Ничто не радовало завлита в последнее время — но восхищало, как и прежде, только одно: реальное искусство. Искусство, на которое он только что налетел словно лодка и пробил днище. Он вмиг забыл все обиды и заново возлюбил худрука, великого носителя чуда искусства.
— Кто написал? — спросил худрук. — Чьи слова?
Осинов скромно пожал плечами, склонил на сторону голову, растерялся.
— Плохо знаешь, — сказал худрук. — Мало знаешь. Не то, что надо, знаешь. Ничего не знаешь. Потому и театр наш в жопе.
Насчет жопы было слишком. Осинов слегка обиделся и задал в лоб прямой вопрос:
— Почему вы считаете, что мы в таком заповедном месте?..
— Честно тебе скажу: потому что знаю! Не остри, Иосич, пей, закусывай, молчи… Зал у нас пустой! Сплошной обсер. Молчи! Никто на спектакли не ходит. Молчи! Думаешь, не знаю, что ротами пожарников из части привозите, чтоб видимость публики создать — все знаю, доброхотов и предателей много больше, чем ты думаешь. И касса пустая — что с солдата возьмешь? Портянки?
— Портянок давно в армии нет, — обороняясь, буркнул Осинов.
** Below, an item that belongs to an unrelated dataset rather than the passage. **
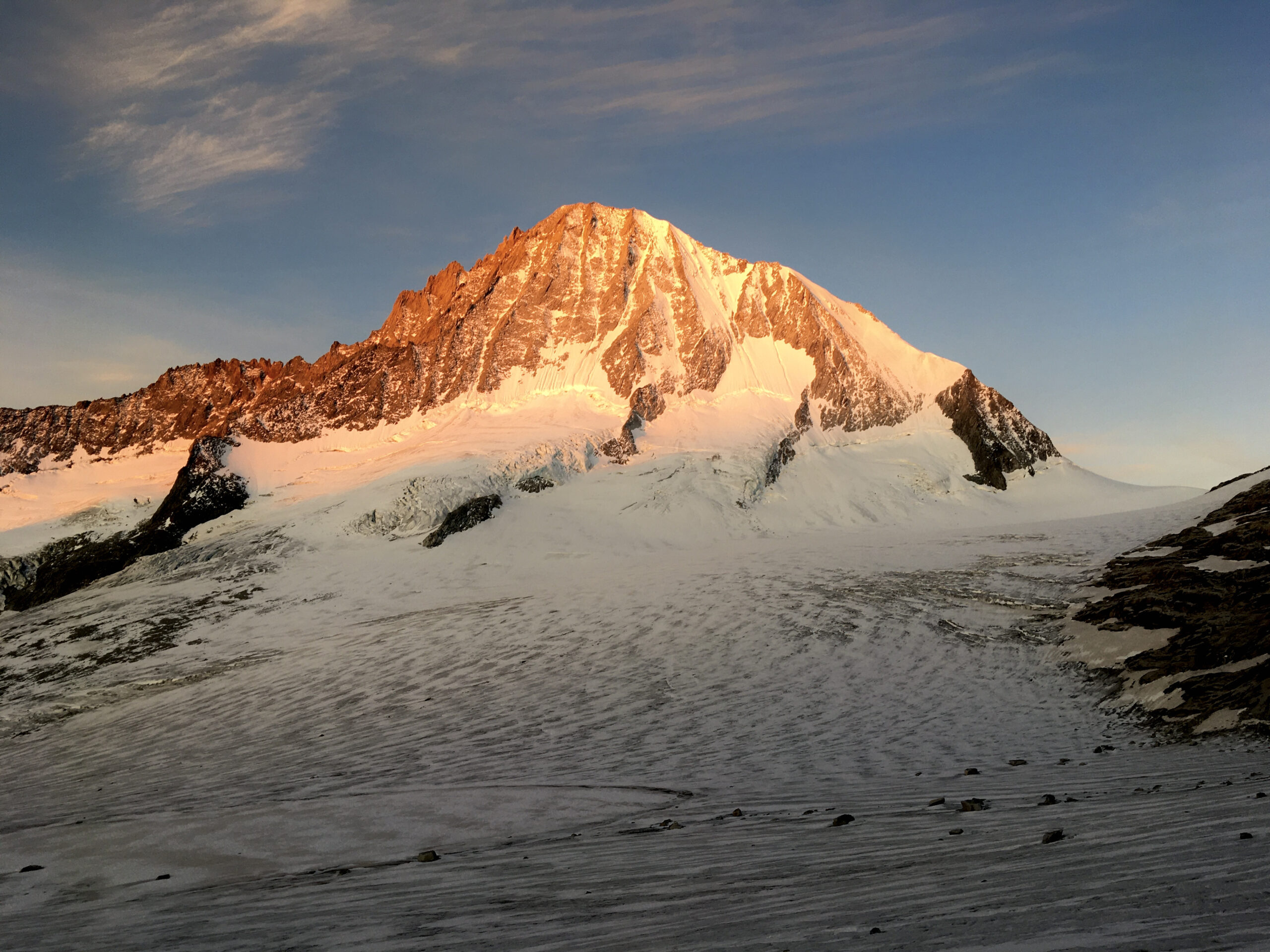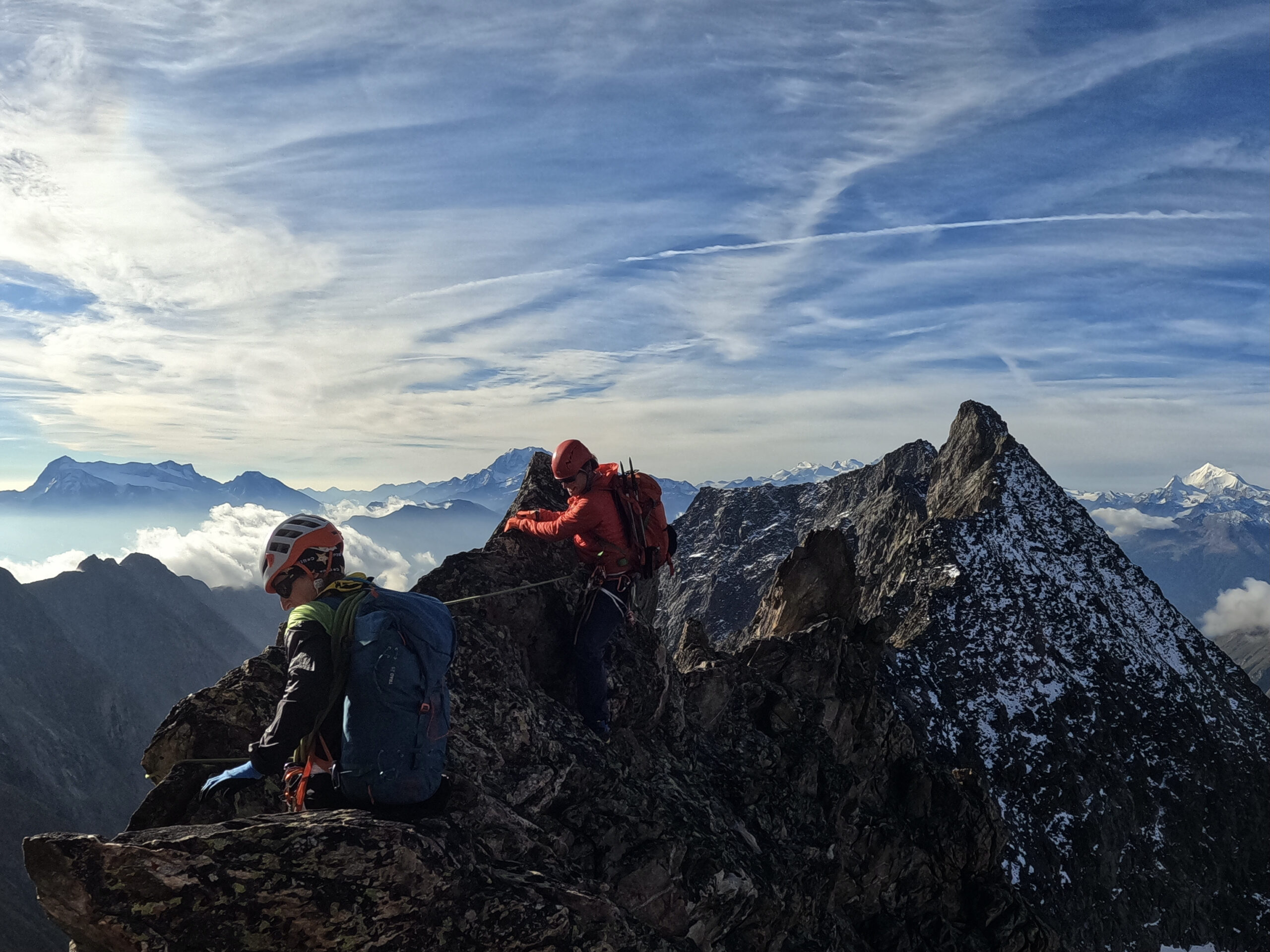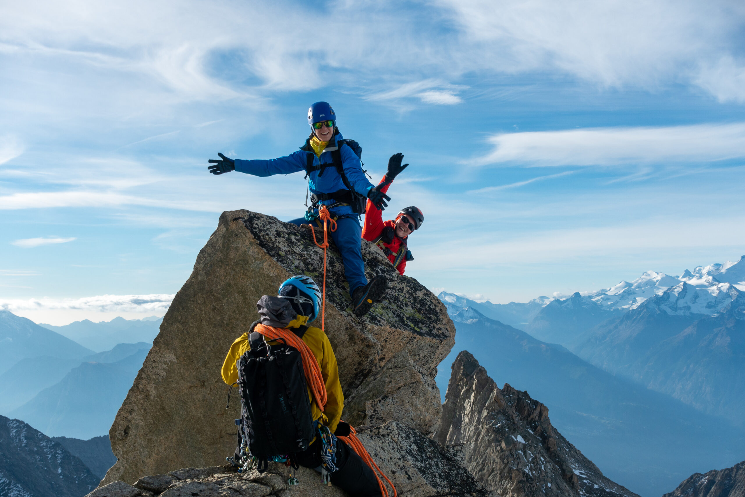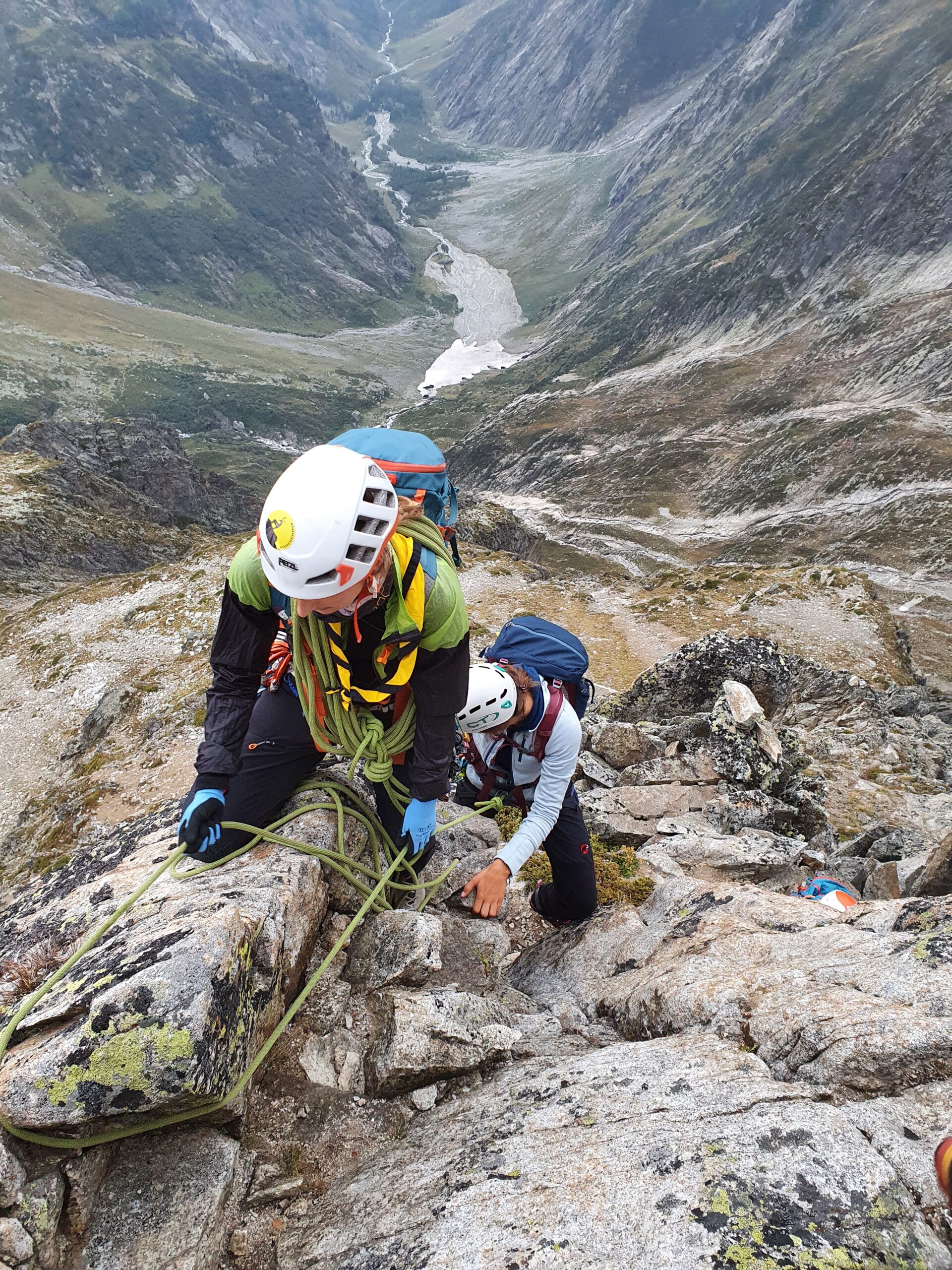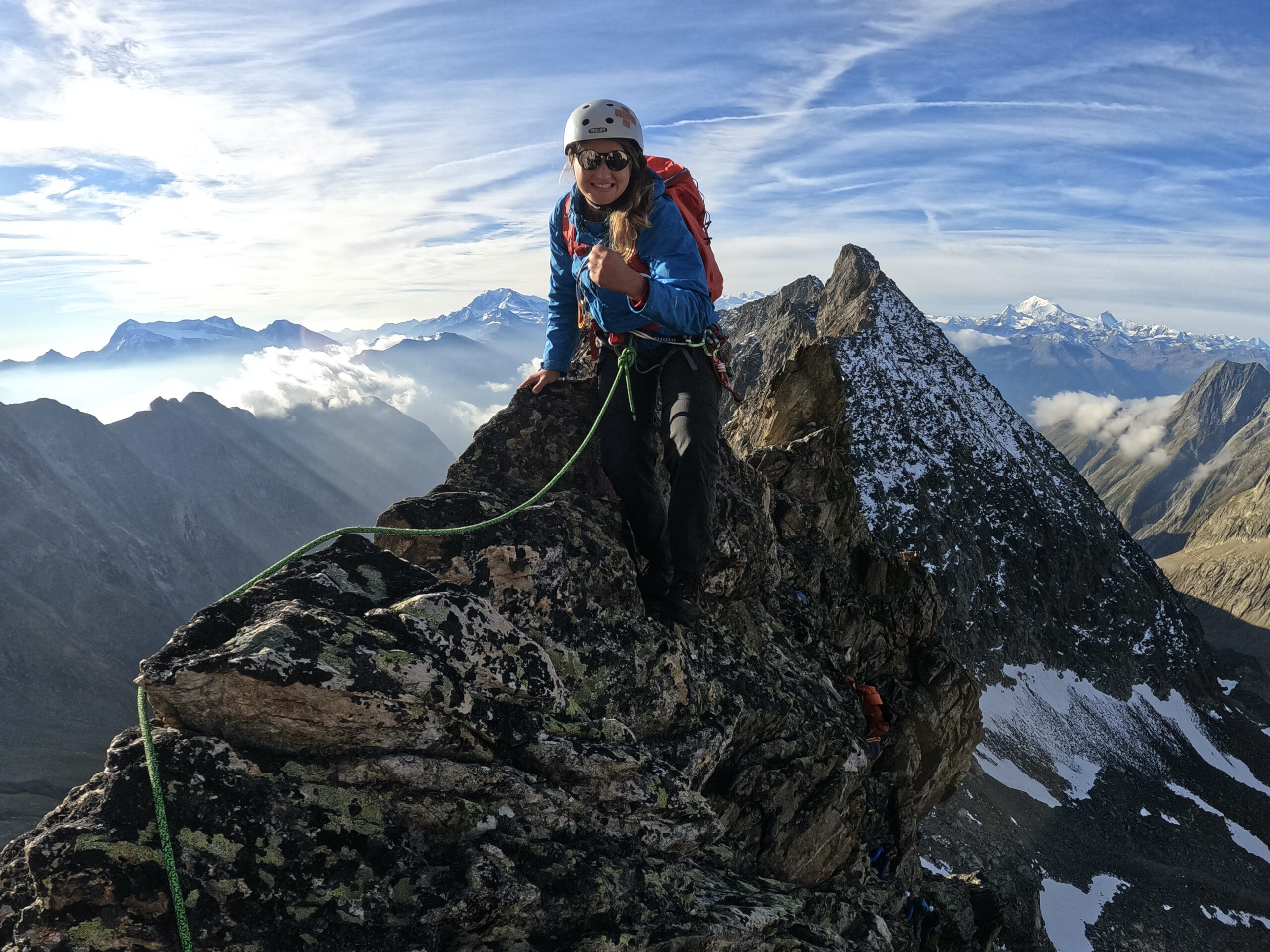 Bir Tour ufz Breitlauihorn am nächste Tag hetme de scho im Vorus chli gwüsst, ws mit «Kraksle» gmeint isch – mir si nachdr Gletscherüberquerig (wo schön, aber gar nid so spannend wi erwartet isch gsi) no feiechli klätteret (odr äbe krakslet) und hei dobe aacho ziemlech lang chönne di superschöni Ussicht gniesse. Am Morge denn heimr zwar nid mit veriisete Steine z Kämpfe gha, drfür mit glattgschlieffene Platte, wo teu wines Gemschi si ufegloffe und teu äbe weniger…

— Есть, Иосич, есть, — не согласился худрук. — Портянки у тебя в голове. Извини за слово «в голове».
— Спасибо. Я могу уйти?
— Сиди, — приказал худрук.
Завлит отодвинул от себя стакан — худрук такую мелочь вниманием не удостоил. Он выставил как указующий перст кривоватый сухой палец. Продолжил:
— Там наверху тоже все знают! Деньги нам из бюджета дают, а вот возьмут и перестанут на ветер цветные бумажки бросать. Мне уже намекали, Иосич, да что там намекали — прямо озвучили: так и будет!.. Скажу тебе со всей большевистской прямотой: они будут правы… И виноват во всем единственно только ты, Иосич. Молчи! Прямо тебе скажу: плохой ты завлит…
«Господи, — подумал замученный завлит, — а хватить бы тебя сейчас дед по затылку той тяжеленной мраморной пепельницей, что стоит у тебя на столе, и муке конец!.. Потому что виноваты вы, Армен Борисович! Виноваты вы, а все валите на меня. Рыба гниет с головы!» — хотелось крикнуть Осинову, но он сдержался. Снова глотнул с налета виски, заел виноградиной и понял, что сетью половодья не сдержать… «В одном он прав, — признал про себя Осинов, — я завлит плохой. Ленивый и нелюбопытный. Он плохой худрук, я плохой завлит. Вперед, труппа театра, вперед, к новым творческим свершениям!»
— Раньше вы меня хвалили, — вслух сказал он. — Говорили, что могу…
— Раньше было раньше, Иосич. Пьес хороших нет, репетировать нечего, актеры разбегаются по сериалам, они как дети, им вместо игрушек пьесы нужны, а ты что им предлагаешь?! Попки-жопки?